● Your goal
Return the listing below exactly as it stands. Pictures stay out.

● Material provided
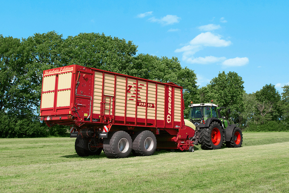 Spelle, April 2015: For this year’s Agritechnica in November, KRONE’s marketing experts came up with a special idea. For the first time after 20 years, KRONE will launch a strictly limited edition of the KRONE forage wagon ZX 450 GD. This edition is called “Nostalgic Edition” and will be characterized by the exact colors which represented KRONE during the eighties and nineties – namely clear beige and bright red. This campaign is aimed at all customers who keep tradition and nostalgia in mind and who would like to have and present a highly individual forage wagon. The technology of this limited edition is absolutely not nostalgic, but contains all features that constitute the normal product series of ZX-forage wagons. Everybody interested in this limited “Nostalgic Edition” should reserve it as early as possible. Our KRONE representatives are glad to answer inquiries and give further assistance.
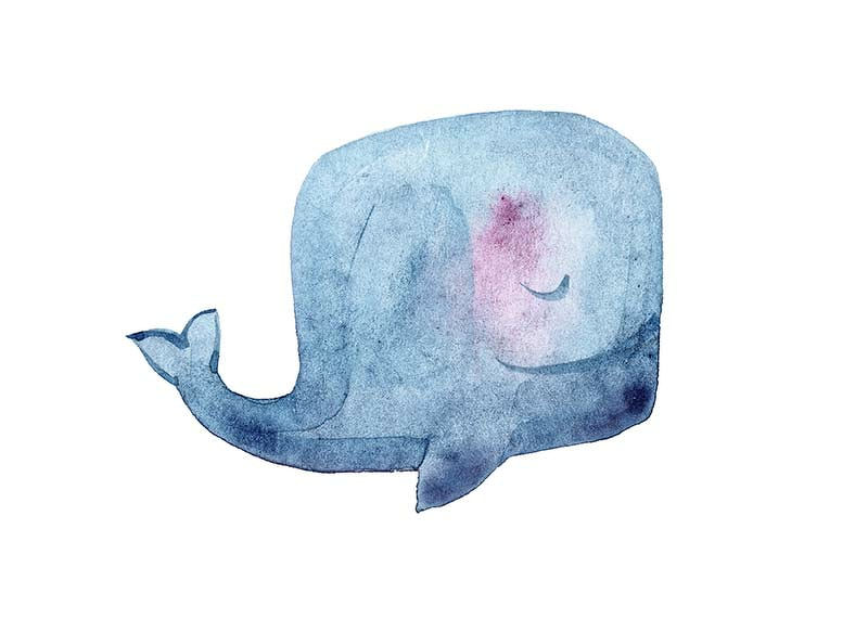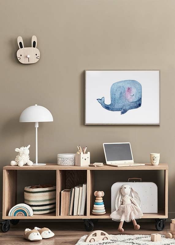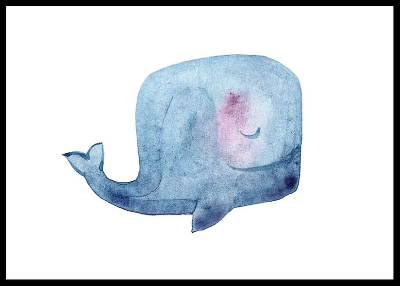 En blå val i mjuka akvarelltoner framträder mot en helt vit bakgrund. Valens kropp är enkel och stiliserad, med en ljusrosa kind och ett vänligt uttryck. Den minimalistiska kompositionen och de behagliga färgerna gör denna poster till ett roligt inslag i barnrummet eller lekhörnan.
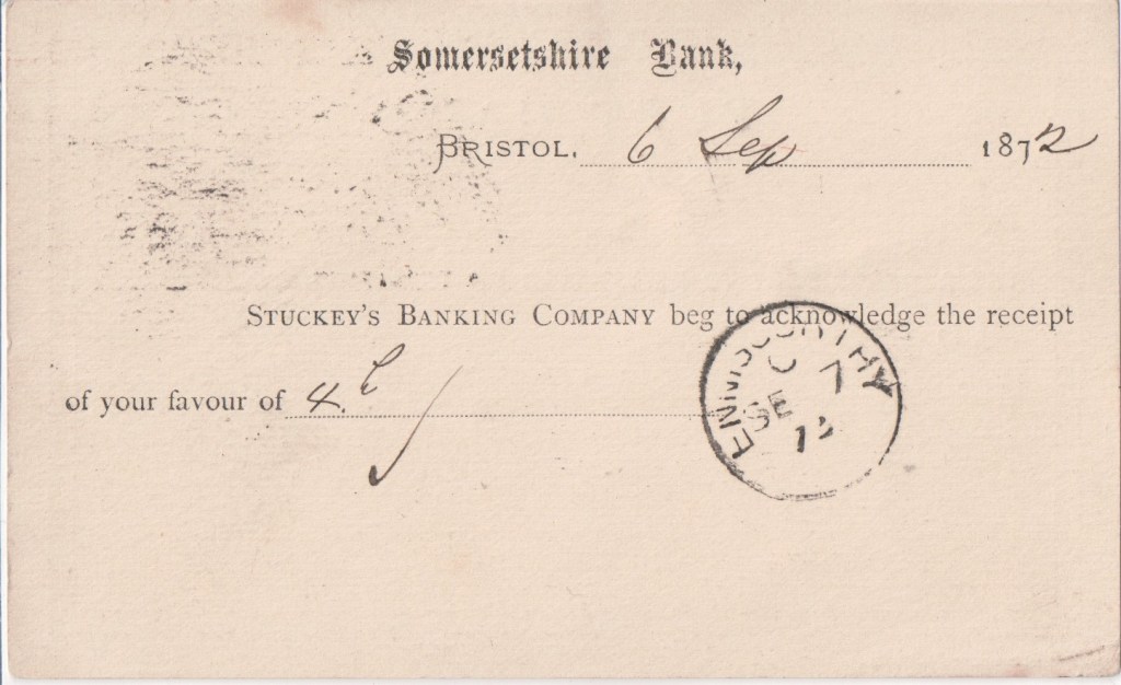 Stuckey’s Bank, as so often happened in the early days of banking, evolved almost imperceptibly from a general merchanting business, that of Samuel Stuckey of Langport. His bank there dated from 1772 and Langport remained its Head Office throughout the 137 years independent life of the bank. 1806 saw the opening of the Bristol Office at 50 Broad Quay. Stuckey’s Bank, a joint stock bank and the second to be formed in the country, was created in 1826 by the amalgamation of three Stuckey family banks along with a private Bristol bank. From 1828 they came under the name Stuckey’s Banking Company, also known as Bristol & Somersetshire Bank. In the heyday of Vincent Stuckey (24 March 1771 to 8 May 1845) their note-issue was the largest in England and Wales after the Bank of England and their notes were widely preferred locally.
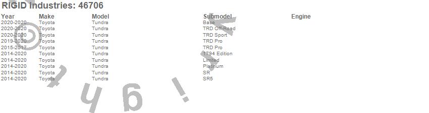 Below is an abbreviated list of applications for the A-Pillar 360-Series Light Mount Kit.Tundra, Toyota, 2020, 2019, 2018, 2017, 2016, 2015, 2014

● Answer to this task
 Spelle, April 2015: For this year’s Agritechnica in November, KRONE’s marketing experts came up with a special idea. For the first time after 20 years, KRONE will launch a strictly limited edition of the KRONE forage wagon ZX 450 GD. This edition is called “Nostalgic Edition” and will be characterized by the exact colors which represented KRONE during the eighties and nineties – namely clear beige and bright red. This campaign is aimed at all customers who keep tradition and nostalgia in mind and who would like to have and present a highly individual forage wagon. The technology of this limited edition is absolutely not nostalgic, but contains all features that constitute the normal product series of ZX-forage wagons. Everybody interested in this limited “Nostalgic Edition” should reserve it as early as possible. Our KRONE representatives are glad to answer inquiries and give further assistance.
 En blå val i mjuka akvarelltoner framträder mot en helt vit bakgrund. Valens kropp är enkel och stiliserad, med en ljusrosa kind och ett vänligt uttryck. Den minimalistiska kompositionen och de behagliga färgerna gör denna poster till ett roligt inslag i barnrummet eller lekhörnan.
 Stuckey’s Bank, as so often happened in the early days of banking, evolved almost imperceptibly from a general merchanting business, that of Samuel Stuckey of Langport. His bank there dated from 1772 and Langport remained its Head Office throughout the 137 years independent life of the bank. 1806 saw the opening of the Bristol Office at 50 Broad Quay. Stuckey’s Bank, a joint stock bank and the second to be formed in the country, was created in 1826 by the amalgamation of three Stuckey family banks along with a private Bristol bank. From 1828 they came under the name Stuckey’s Banking Company, also known as Bristol & Somersetshire Bank. In the heyday of Vincent Stuckey (24 March 1771 to 8 May 1845) their note-issue was the largest in England and Wales after the Bank of England and their notes were widely preferred locally.
 Below is an abbreviated list of applications for the A-Pillar 360-Series Light Mount Kit.Tundra, Toyota, 2020, 2019, 2018, 2017, 2016, 2015, 2014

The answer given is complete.